The MVC pattern is quite often used on the server-side when writing web applications, for instance ASP.NET, PHP, Ruby on Rails.

Being a JavaScript developer, I am wondering whether we should segment our JavaScript code, the client tier of our web applications, into similar Model-View-Controller structures, or not. Is there really a need of this pattern on the client side?

1 Answers

JavaScript frameworks like jQuery, Prototype, ExtJS, and DOJO have simplified the way you handle the DOM and JavaScript. You can encapsulate visual portions of the DOM and deal with events in a uniform way. Although they have greatly facilitated in structuring the client tier, there must be a way to deal with the situation when the complex client-side code gets messy very fast and at the same time maintainability, testability, and reusability is significant.
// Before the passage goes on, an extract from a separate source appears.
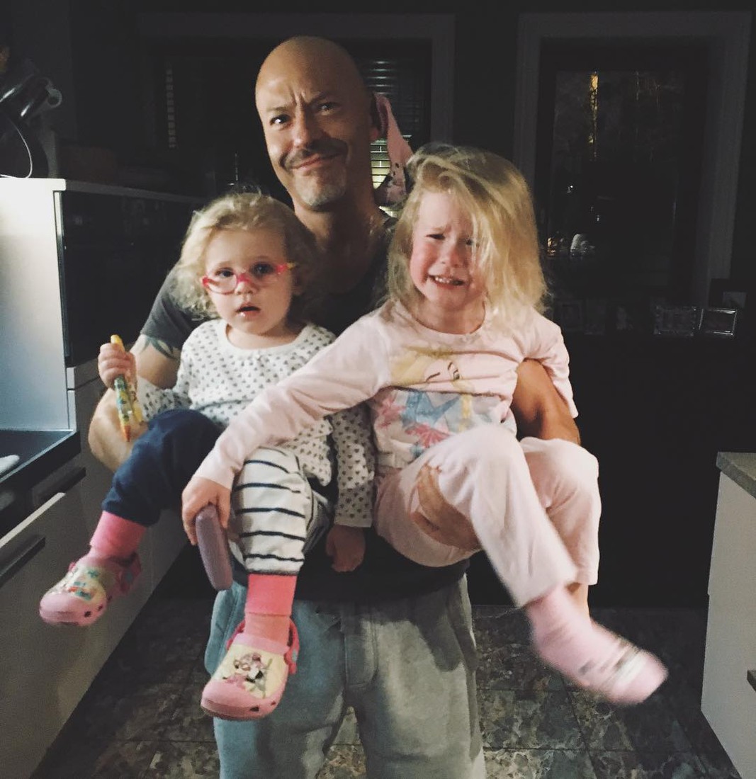Знаменитый дедушка выглядит счастливым на снимке вместе с 3-летней Маргаритой и 2-летней Верой. Девочки сидят на руках у Федора и балуются.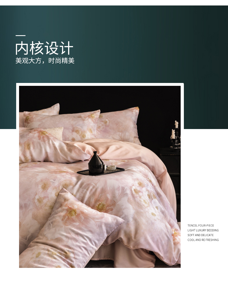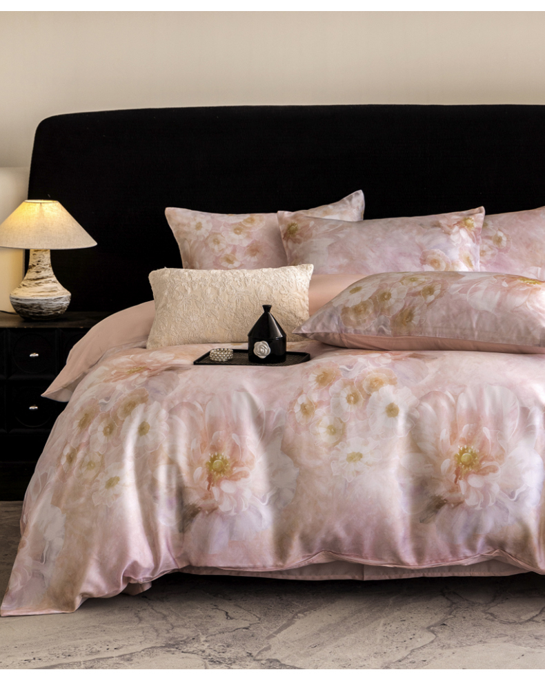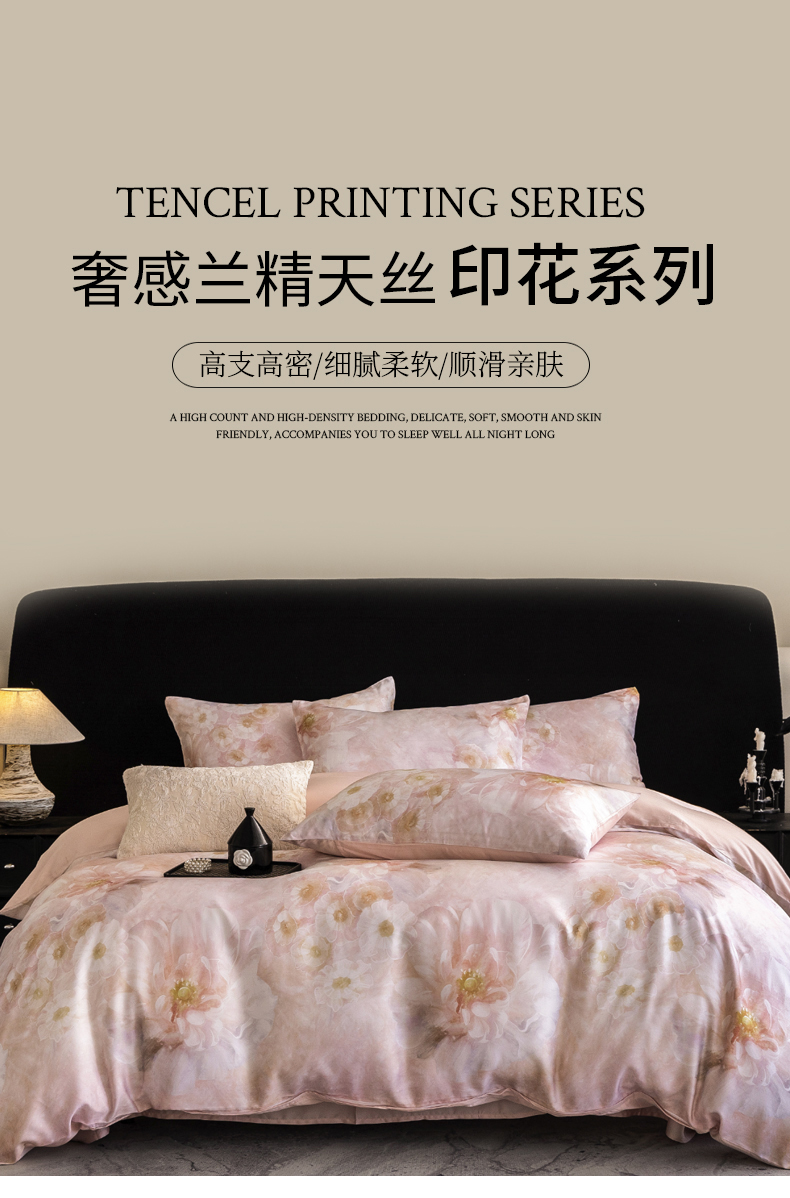 立奥被业 2025年新款100%兰精天丝四件套天丝数码印花四件套 天仙子-粉

A more structured approach to writing complex JavaScript apps is required. As your JavaScript app becomes complex and its scale increases, you require a pattern like MVC in place.

Without MVC, the JavaScript code muddles up AJAX calls, DOM manipulation, and event handling. Instead of placing all the code collectively in one single place, you should be able to define individual objects for each. If your program wants to send the queries to the server or retrieve data from the browser's local storage or cookies, then you can create a model object where this should happen. In fact, the model is the only entity in the entire program that should know anything about Ajax calls. But the model should not be responsible to interpret the response that is sent back from the server and populate the HTML page with the results. It should know nothing about the DOM manipulation. It is the view object that manipulates the DOM tree and builds the HTML page. The controller updates the view when the model changes. It also registers the event handlers with the view and updates the model when the user manipulates the view.